Auch Bahnchef Rüdiger Grube kannte wohl wichtige, kritische S-21-Gutachten nicht, und wenn er mit ihnen konfrontiert wurde, sagte er nur: "Ich hab Vertrauen in meine Ingenieure."
Egogetriebene Manager
Ich lernte bei meinen Gesprächen mit den Machern und Verantwortlichen von Stuttgart 21 auch Dinge, die ich gar nicht lernen wollte: Ich, und auch Sie vermutlich, denke länger über den Kauf und den Preis von ein paar Schuhen nach: Passen sie, muss ich sie unbedingt haben, sind sie wirklich bequem?
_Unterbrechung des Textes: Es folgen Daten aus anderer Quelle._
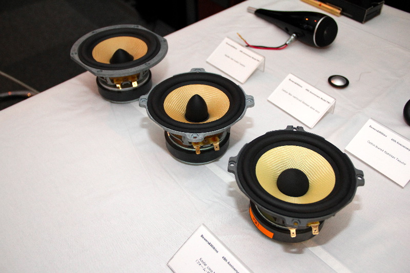 ケブラーコーン製の130mmミッドレンジユニット(手前)。奥がCM1、中央が686のもの。これまでのミッドレンジユニットのキャップから形状が変わったことがわかる

Wir denken länger und sorgfältiger über so relativ kleine Ausgaben nach als die Politiker, die zig Milliarden Euro vergraben.
S 21: Überehrgeizige Politiker und egogetriebene Manager setzen sich für enorm viel Geld ein Denkmal – allerdings ohne die Kosten ehrlich aufzuzeigen. Der Bürger muss überall sparen, Agenda 2010, Hartz IV, Schulbäder werden geschlossen, der Bildungsetat wird gestutzt, aber da wird geklotzt. Milliarden für einen katastrophalen Kellerbahnhof. S 21 – kann man also auch sehen als ein Symbol für die zunehmende soziale Ungleichheit im Land.
Vielleicht würde kein Mensch mehr über S 21 reden, wenn da nicht Kanzlerin Angela Merkel wäre. Sie ist die wichtigste Figur in dieser traurigen S-21-Geschichte, was nicht auffällt, weil sie so ruhig und zurückhaltend ist, und sie hat in der S-21-Sache ja bisher nur wenige Sätze gesagt.
Dabei hat S 21 Streit in ihre Familie gebracht. Ihr Vater war dagegen, ihr Bruder ist dagegen, ihre Cousine in Stuttgart kämpfte lange bei den Parkschützern, die seit vielen Jahren den Widerstand gegen S 21 mitorganisieren. Streit in der Familie, Streit überall.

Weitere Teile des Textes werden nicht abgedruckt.